限界化したマシェリのリアクションに、エイルは心配して彼女を抱きかかえる。
「だ、大丈夫かマシェリ?」
「だいじょうぶです……しあわせすぎただけで……」
おぼつかない口調のマシェリを、ベッドへ運ぶエイル。
王女をベッドに腰掛けさせ、彼は床に跪く。
しかしマシェリはそれに気づくと、あわてて彼を立ち上がらせ、化粧台の椅子を持ってきて座らせた。
「次からは、床なんかに膝をつかず、お好きな場所に座ってください」
「ありがとう、そうさせてもらうよ」
彼の返事に、にこりと笑って返すマシェリ。
そのまま彼女は、話を本題へ移す。
「エイル様の研修後、どうやらお父様はテストをするようなのです」
「勉強した内容をためされるってことか」
「はい。その内容は、どうやら私が決めるらしく」
前置きにそこまで言うと、マシェリは彼に提案する。
「私たちがはじめて出会った隣国に、もう一度行きませんか?」
彼女の言葉に、エイルは度肝をぬかれた。
二人が出会ったといえばロマンチックではあるが、マシェリにとっては誘拐されかけ、命の危険もあった場所である。

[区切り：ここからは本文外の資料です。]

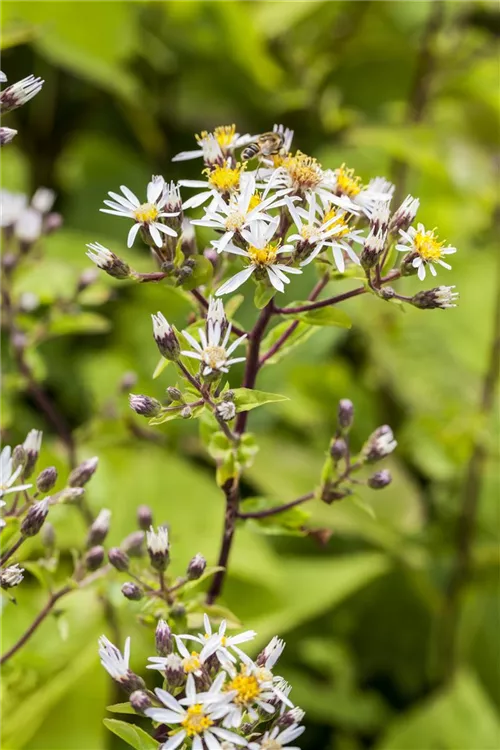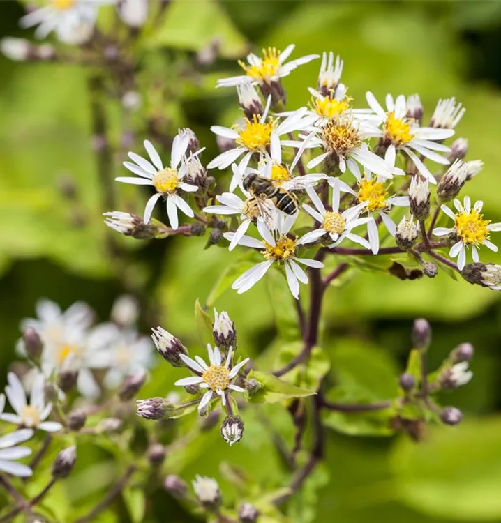 Ein Grund, warum die Sperrige Aster eine Bereicherung für den Garten ist, sind sicher ihre hübschen Blüten. Ab August stellt sie dies unter Beweis und lässt ihre angenehm duftenden, weißen Blüten für sich sprechen. Bienen und andere Insekten sind schon längst überzeugt von ihren Blüten-Qualitäten. Aber natürlich gehören auch die eiförmigen Blätter zu Aster divaricatus und tragen mit ihrer mittelgrünen Farbe zum Charakter dieser wintergrünen Staude bei. Als I-Tüpfelchen schmückt sich diese Staude ab Oktober mit silbrigen Früchten.
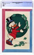 Cover by Carl Barks. Stories and art by Carl Barks, Vic Lockman and Kay Wright. Comics legend Carl Barks creates his masterpiece, featuring the adventures of Donald Duck's Uncle Scrooge, the richest duck in the world. A lemming gets hold of the combination to Scrooge's new safe, and Scrooge must find it amongst the millions of lemmings marching to the sea. This Carl Barks story was adapted into an episode of the beloved 1980s Disney cartoon show "Duck Tales." A genie finds Scrooge's wishes a challenge. Donald and the boys test Uncle Scrooge's willpower with a coin glued to the sidewalk. The Lemming With the Locket; Wishful Excess; Sidewalk of the Mind. 32 pages, Full Color. Cover price $0.40.
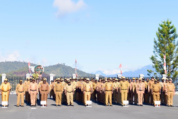 Puncak Jaya, 29 September 2025 – Bupati Puncak Jaya, Dr. Yuni Wonda, S.Sos., S.IP., MM memimpin langsung apel pagi di halaman Kantor Bupati Puncak Jaya, Senin (29/09/2025).
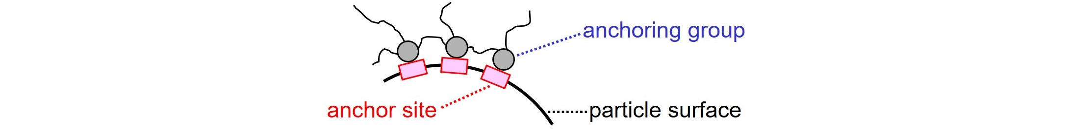 To do their job, dispersant molecules must be adsorbed at the surface of the solid particles. The chemical composition of the surface of a particle governs what dispersants will be able to adsorb strongly at that surface. Adsorption behavior can be influenced by choosing the right anchoring groups, being part of the dispersant molecules, or by applying the proper post-treatment of the particles. The latter is especially important with respect to hydrophobic particles, like most organic pigments and carbon blacks. The particles of untreated carbon black pigments, for example, are hydrophobic because the surface consists (mainly) of carbon. It is difficult to adsorb polymer molecules at the surface of hydrophobic particles.
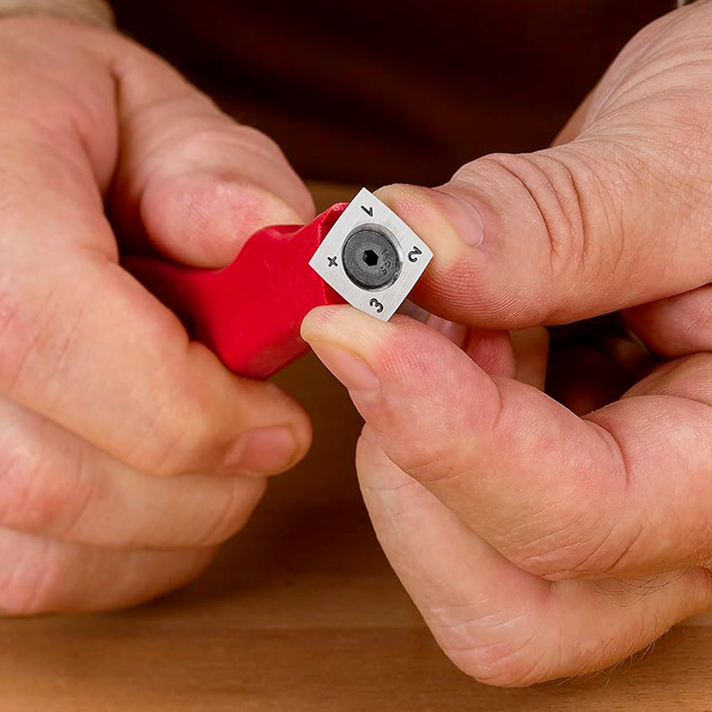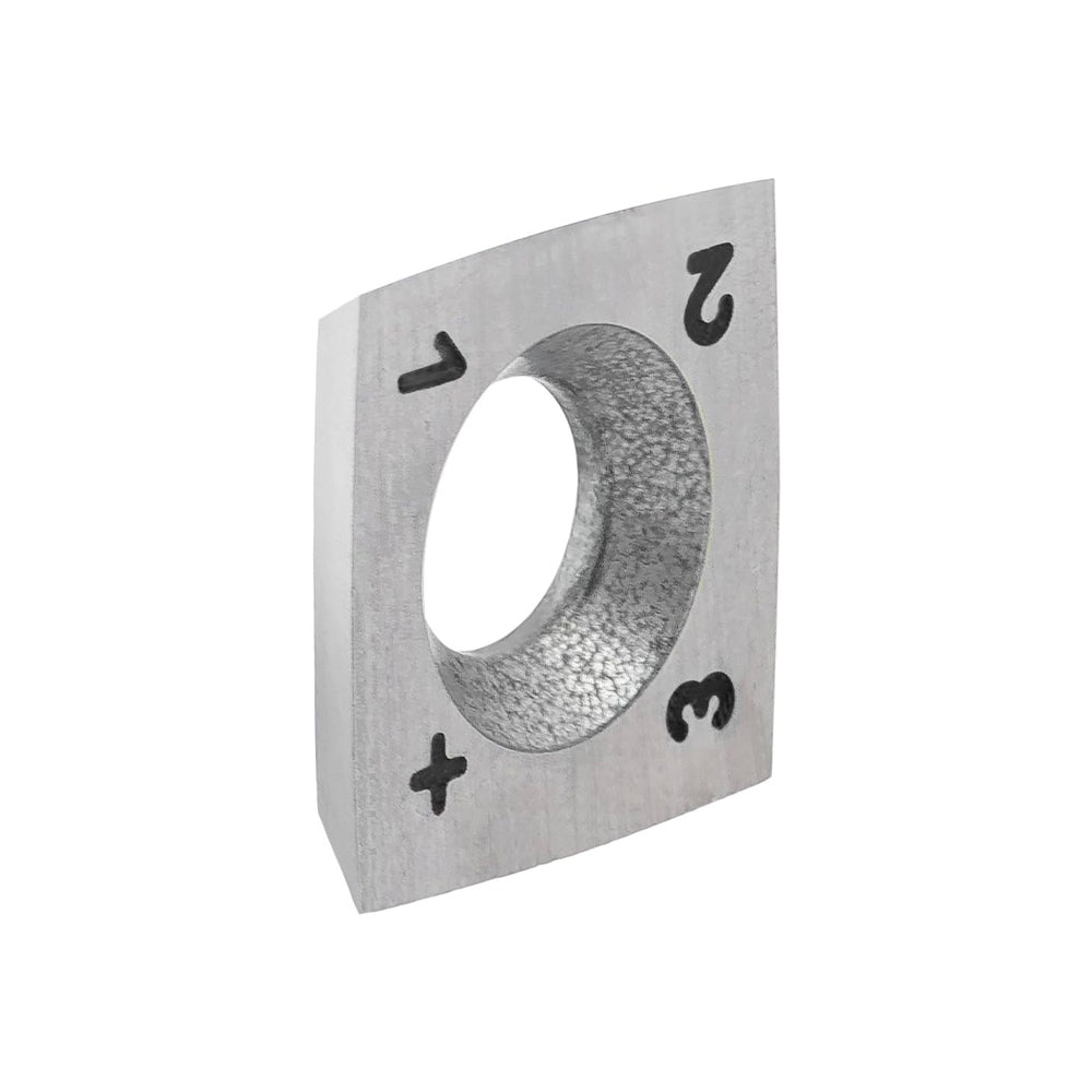 - Lame au carbure monobloc : tranchante dès le départ et durablement. Les menuisiers savent que les outils au carbure conservent longtemps leur tranchant. Il y a quelques années, les outils à plaquettes au carbure ont été utilisés pour la première fois sur les porte-outils hélicoïdaux des dégauchisseuses et des raboteuses. Ces outils offraient quatre arêtes vives sur chaque plaquette. Le mini-grattoir offre la même praticité et la même réutilisation.

スズの研修を受けたエイルでも、危険だと反対しかける。
だが彼はその言葉を飲みこみ、マシェリに問いかける。
「理由を聞いてもいいか? あそこは危ない」
マシェリを思いやる質問に、彼女は顔を伏せる。
それでも少女は、不安な様子を覗かせつつ、答える。
「事件のあと、親衛隊を何度かあの国に送りましたが、私を追っていた彼らの正体は未だ不明のままなのです」
「ひょっとして、囮になるつもりか?」
鋭いエイルの質問に、マシェリはうなずく。
理由を知ったエイルだったが、なおさら受け入れられない。
しかしマシェリも彼の気持ちを理解したうえで、強く訴えかける。
「危険は承知です。ですがもし、あの男たちが私たちの国に害をなす存在だとしたら……」
不安と決意が入りまじった声色で、彼女は告げる。
それは『アークス』の姫としての矜持であった。
国を守るため、謎につつまれた敵の正体に近づきたい。
マシェリの意思を汲みとったエイルは、満を持して答える。
「あまり無理な行動はするなよ」
覚悟を決め、まっすぐ彼女を見つめて告げる彼。
その声に瞳を輝かせたマシェリに、重ねて宣言した。